PHOENIX — Gov. Jan Brewer on Thursday publicly prodded lawmakers to take up her proposal to revamp state government’s personnel system, warning that she won’t consider Senate Republican bills targeting public employee unions before her own measures win approval.
A day ahead of Brewer’s warning a Senate committee had endorsed four Republican bills that would prohibit collective bargaining with public employees and impose other restrictions on public workers’ unions.
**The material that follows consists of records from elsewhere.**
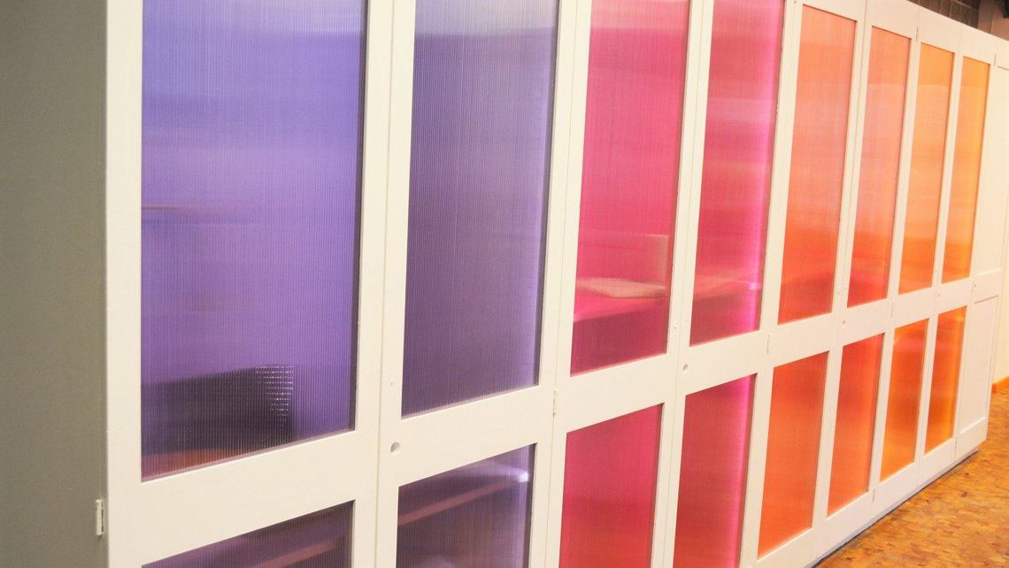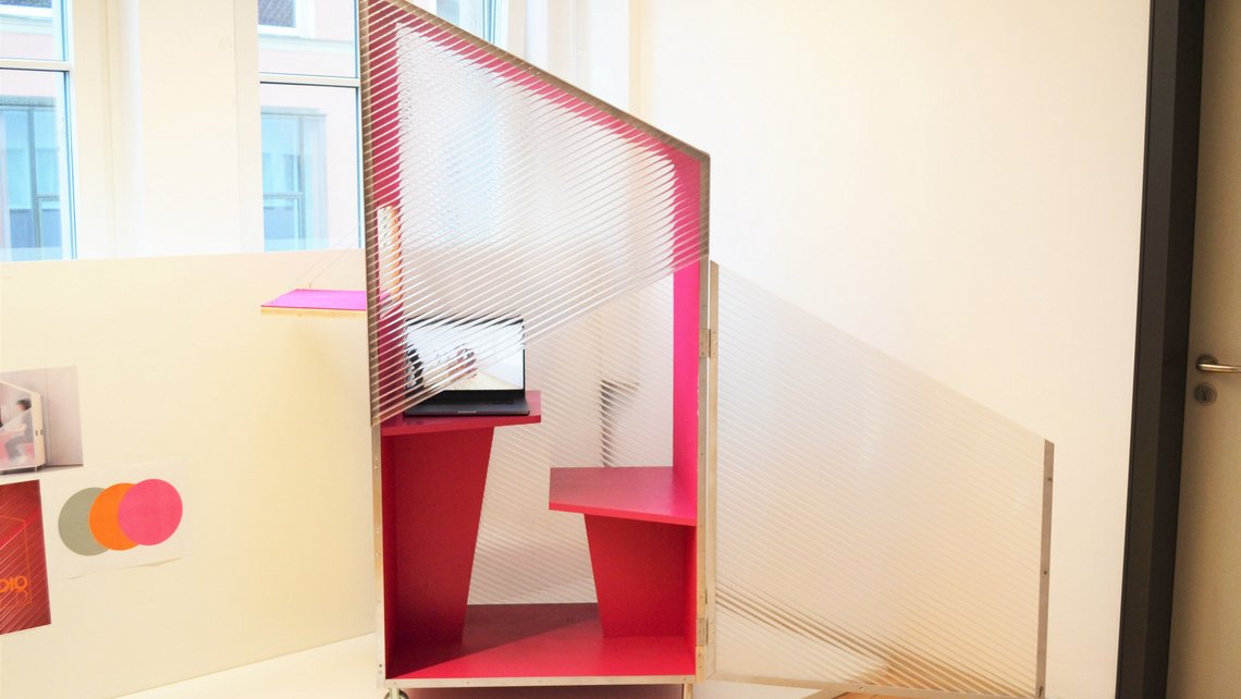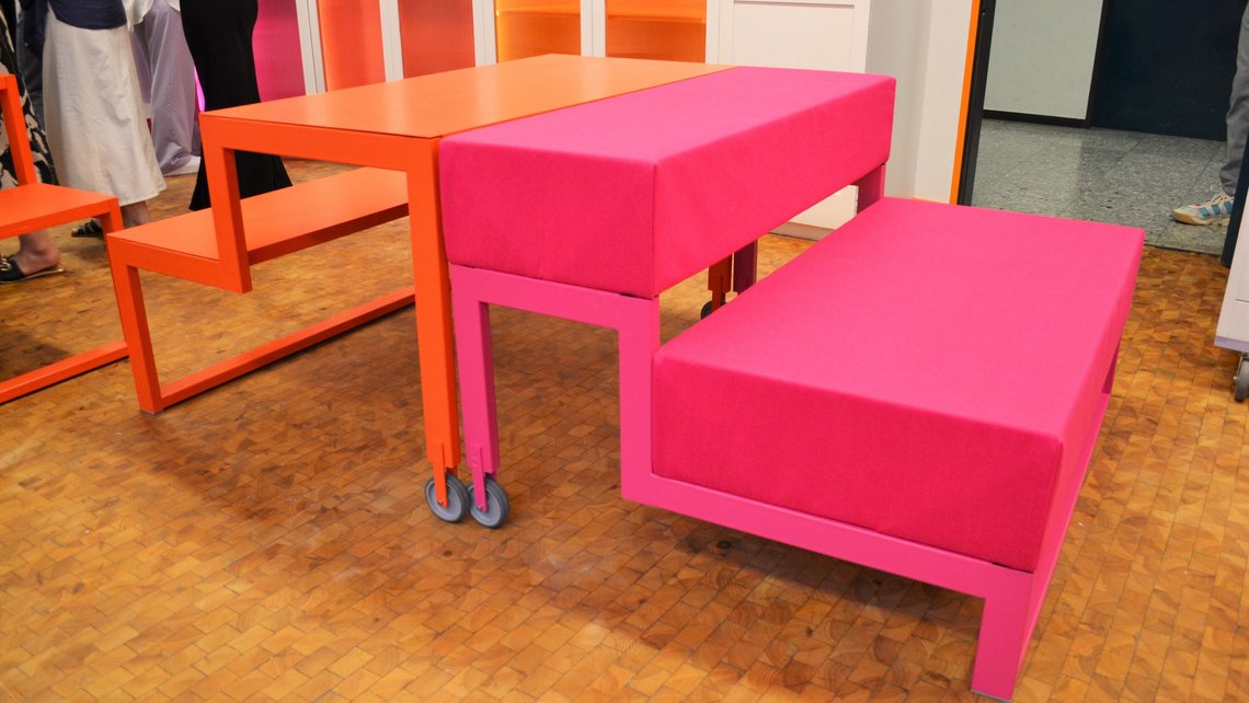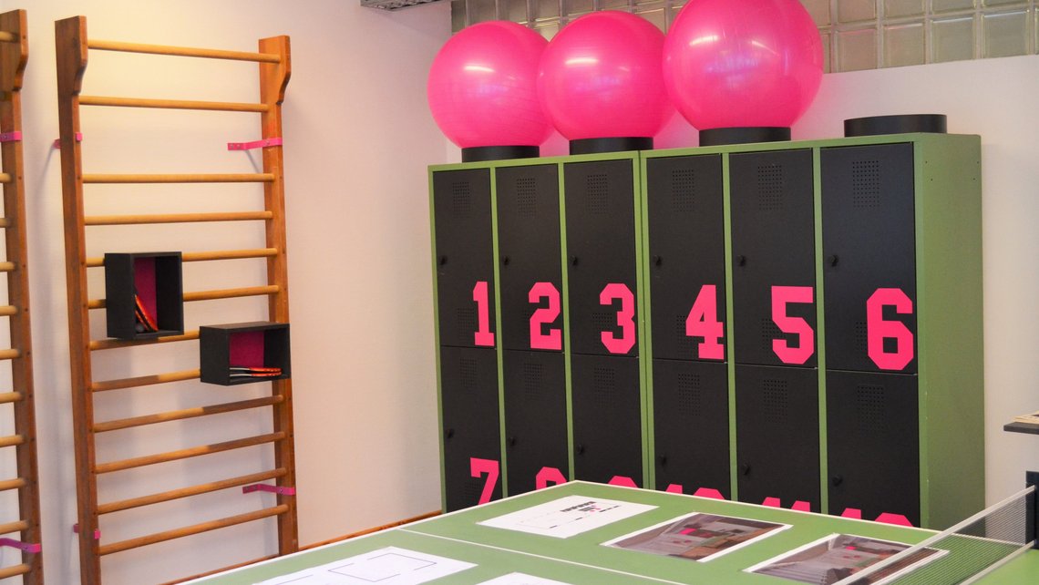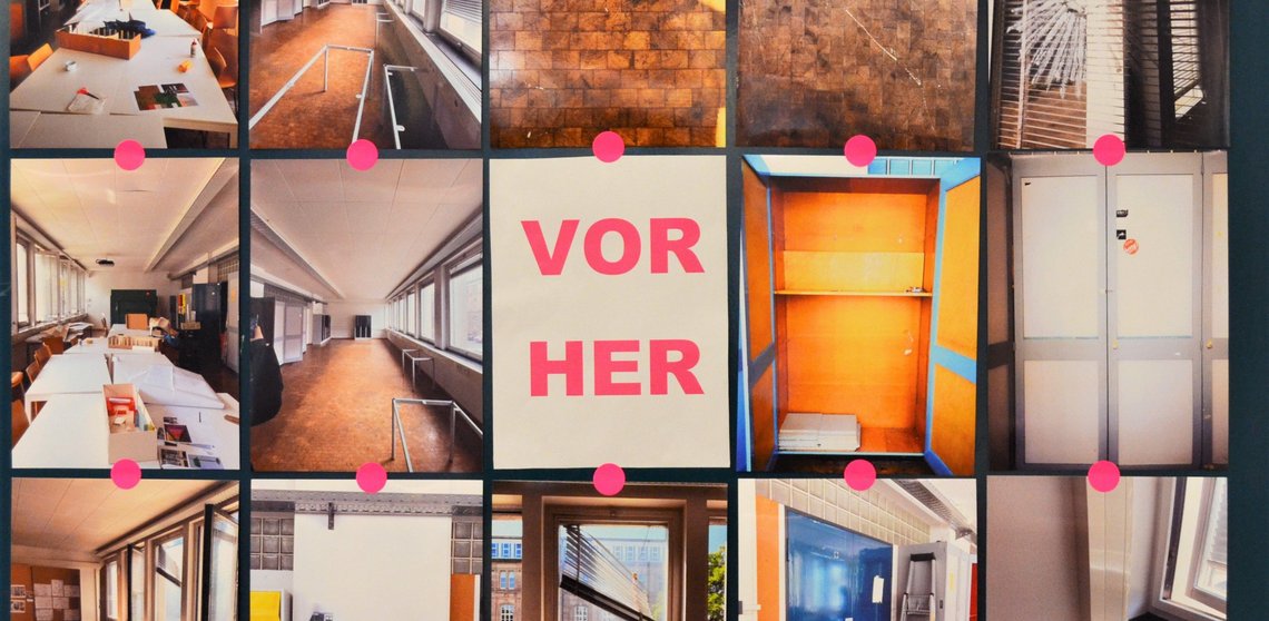 Die ursprünglichen Gegebenheiten des Raums wurden von den Studierenden kreativ ausgelotet und produktiv genutzt. Oder umgenutzt! So wurden vorhandene Einbauschränke aufgearbeitet und zu individuellen Lernnischen umfunktioniert. Sitzmöbel und Tische wurden weitestgehend aus wiederverwendeten Materialien hergestellt. Eine alte Tischtennisplatte dient zukünftig als Besprechungs- und Arbeitstisch und Möbel aus Stahlrohr lassen sich flexibel als Tisch-und-Stuhl-Set oder Sitzreihe kombinieren. Alte Schließfächer wurden repariert, umweltfreundlich lackiert und stehen nun als Raumteiler und Präsentationsfläche zur Verfügung.
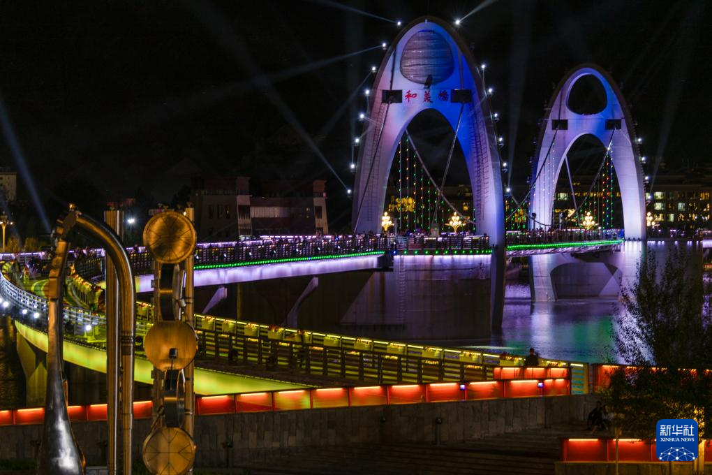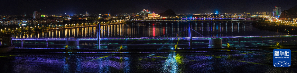 這是7月30日拍攝的拉薩河夜景,由近及遠(yuǎn)分別是和美橋、柳梧大橋和連心橋(無人機拼接照片)。新華社記者 姜帆 攝
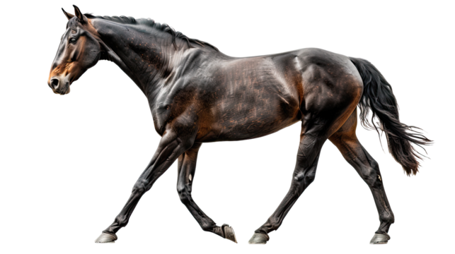 A magnificent seal brown warmblood horse mid-trot, detailed muscular definition enhanced by high-key studio rim lighting, pure equine majesty concept
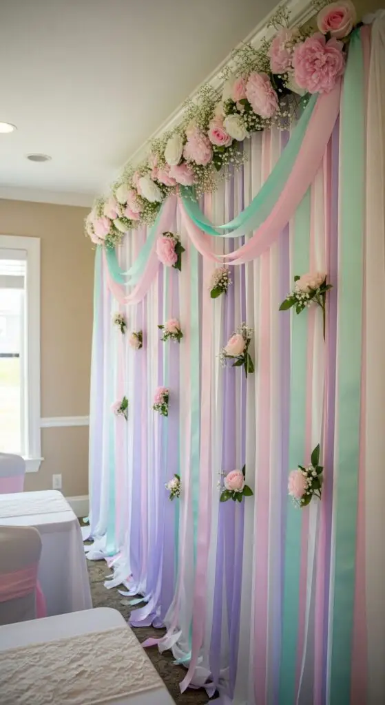 Pastel Ribbon Backdrop With Cascading Silk Flowers
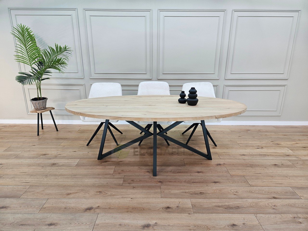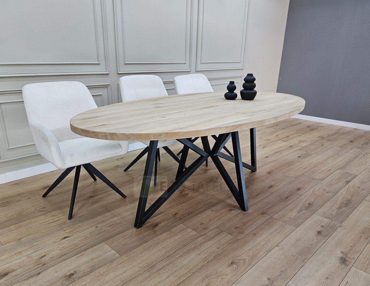 Het blad is gemaakt van hoogwaardig massief eikenhout. De natuurlijke nerf, kleurnuances en subtiele noesten maken elke tafel uniek. De ovale vorm zorgt voor een vriendelijke, toegankelijke uitstraling en bevordert sociale interactie aan tafel. Bovendien is het blad behandeld met een beschermende olie of lak om het bestand te maken tegen vlekken en dagelijks gebruik.
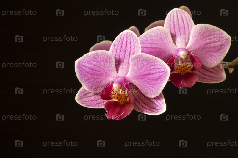 Ветка с цветком орхидеи на черном фоне
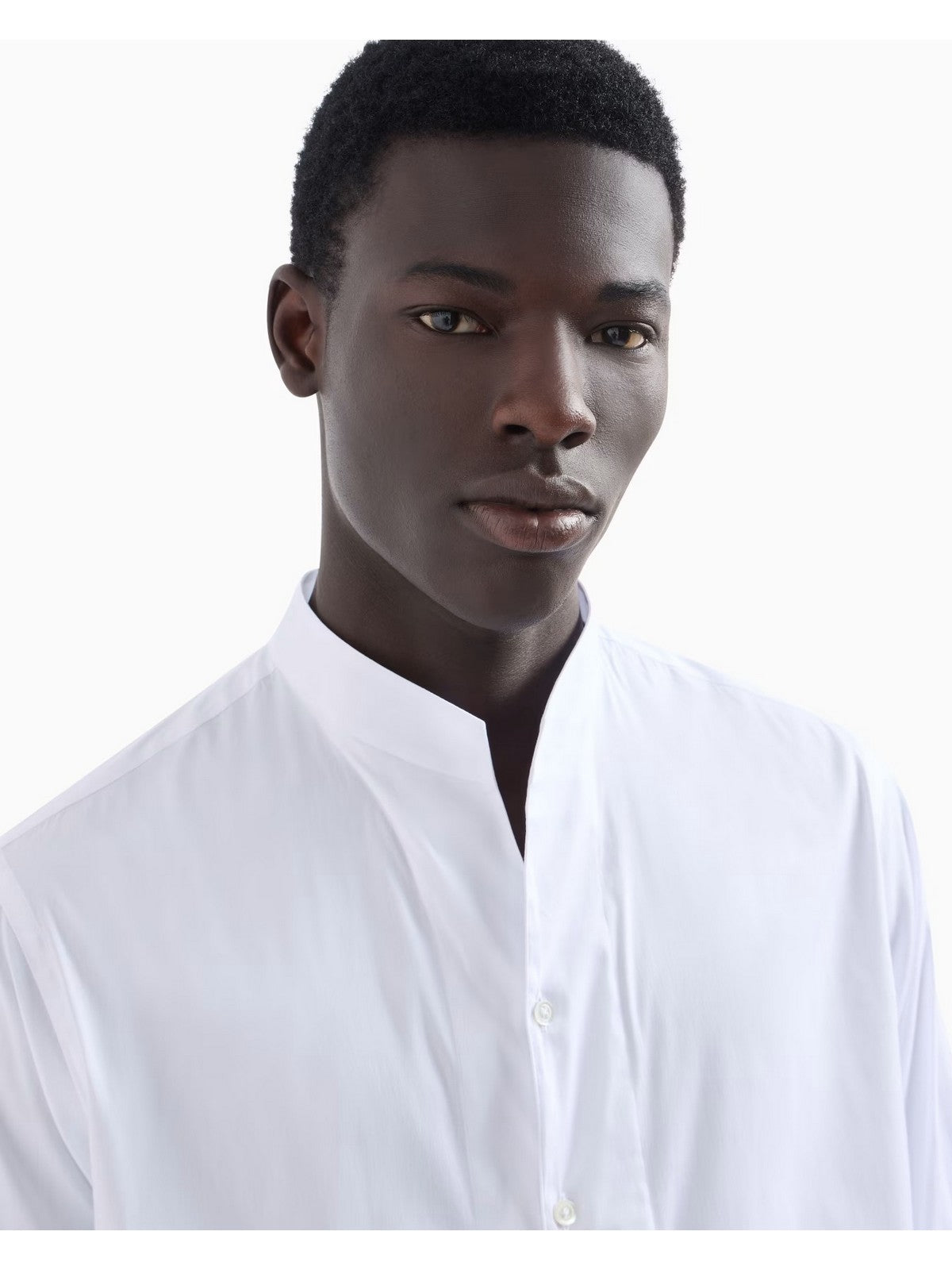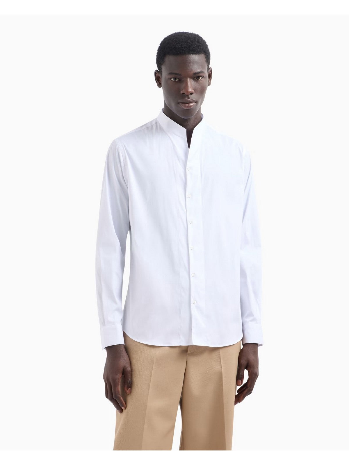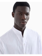 EMPORIO ARMANI shirt featuring the iconic guru collar in stretch cotton satin.
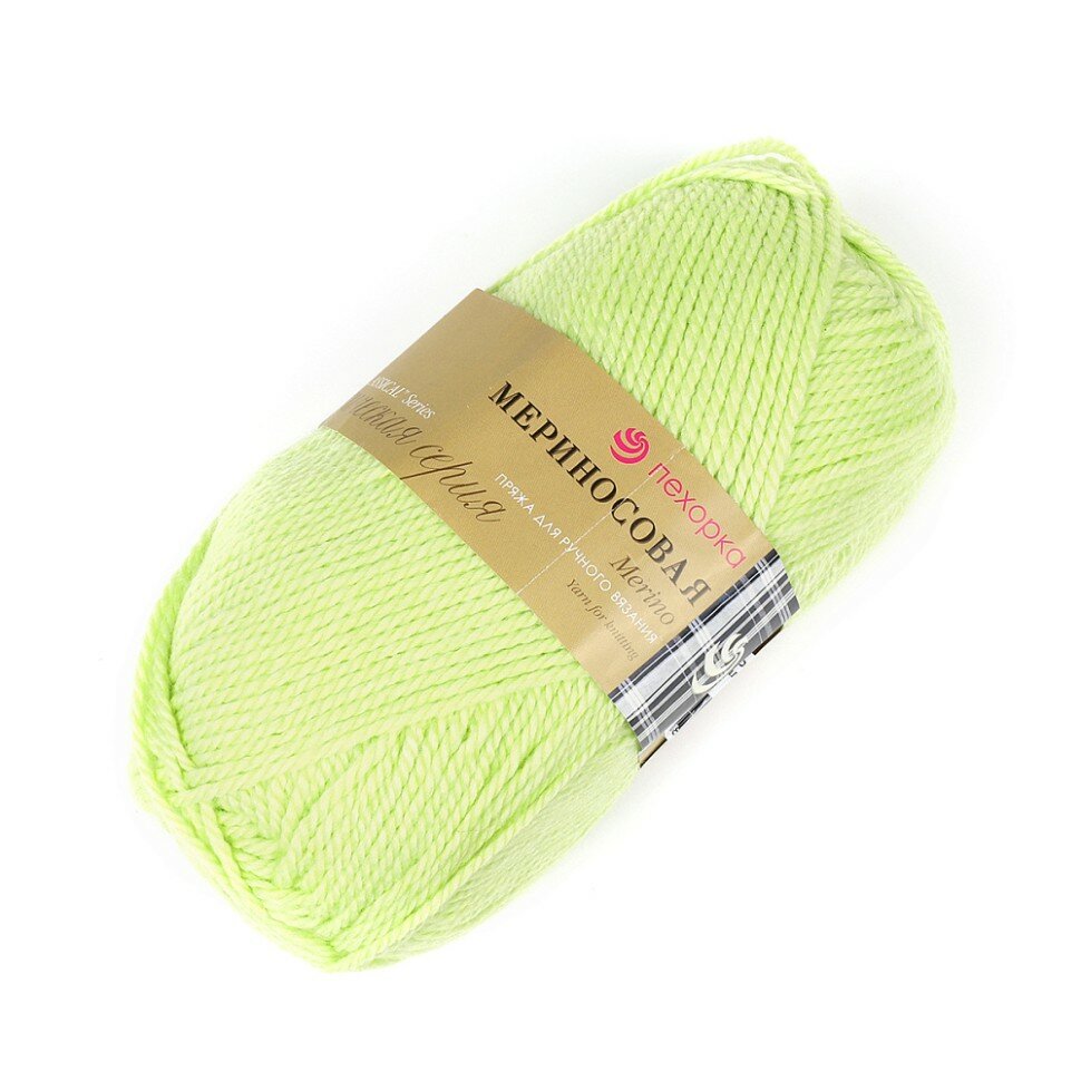Пряжа Пехорка Мериносовая светло-салатовый (193), 50%шерсть мериноса/50%акрил, 200м, 100г, 1шт
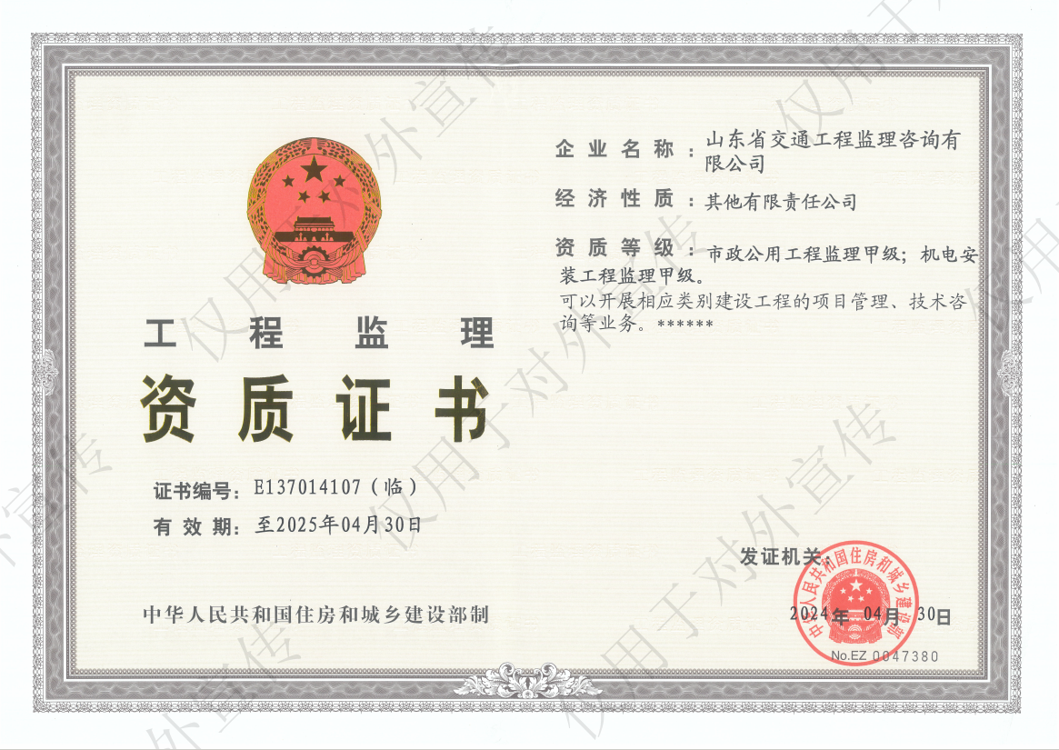 工程咨詢集團權屬山東交通監理公司取得市政公用工程、機電安裝工程監理甲級資質
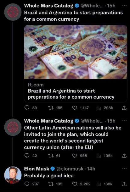 Uno de los empresarios más importantes del planeta y actual dueño de Twitter consideró que "probablemente sea una buena idea" la creación de la monera en común entre Argentina y Brasil.

The committee acted just two days after the bills were introduced.
Meanwhile, Brewer’s proposal to make sweeping changes in the personnel system, including making it easier to fire workers, has yet to be introduced as legislation.
Brewer doesn’t have a position on the union bills but, according to spokesman Matthew Benson, there’s apparently a misperception that those measures are part of a package with her suggested personnel system changes.
“Personnel reform is her priority,” Benson told The Associated Press, adding later, “she has been patient for more than a year.”
Sen. Rick Murphy, sponsor of the collective bargaining bill, said he didn’t understand why Brewer’s office was prodding the Legislature.
Murphy, a Peoria Republican, is chairman of the committee that probably would consider the personnel changes.
“I have not heard one word from her or her staff about the bill, about the contents, about possibly sponsoring it — nothing, not a peep, not a word, nothing. So they’re not searching very hard” for a sponsor, Murphy said. “I don’t know what game they’re playing but they’re not trying very hard to find a sponsor as far as I can tell.”
Brewer first floated her personnel proposal privately to majority Republican legislators last spring, but legislative leaders said it was too late to consider the proposal in the 2011 session and the plan was never formally introduced.
Apparently hinting at a possible veto, the union bills should not arrive at the governor’s desk before legislation on Brewer’s personnel system proposal, Benson said.
The Senate’s regular deadline to introduce bills was Monday and the House’s deadline is next Monday, but new legislation still can be proposed after that by substituting it for provisions in a bill already introduced
Brewer highlighted the personnel system proposal in her State of the State speech in January and is now getting impatient, Benson said.
Brewer contends the personnel changes would make state government more efficient and productive. Critics say her changes would open the door to political cronyism in state hiring.
The legislative bills on public employee unions are similar to measures championed by Republican governors and legislators in other states, including New Hampshire, Ohio and Wisconsin
The Arizona bills include one to prohibit allowing government workers to pay union dues through paycheck withholding.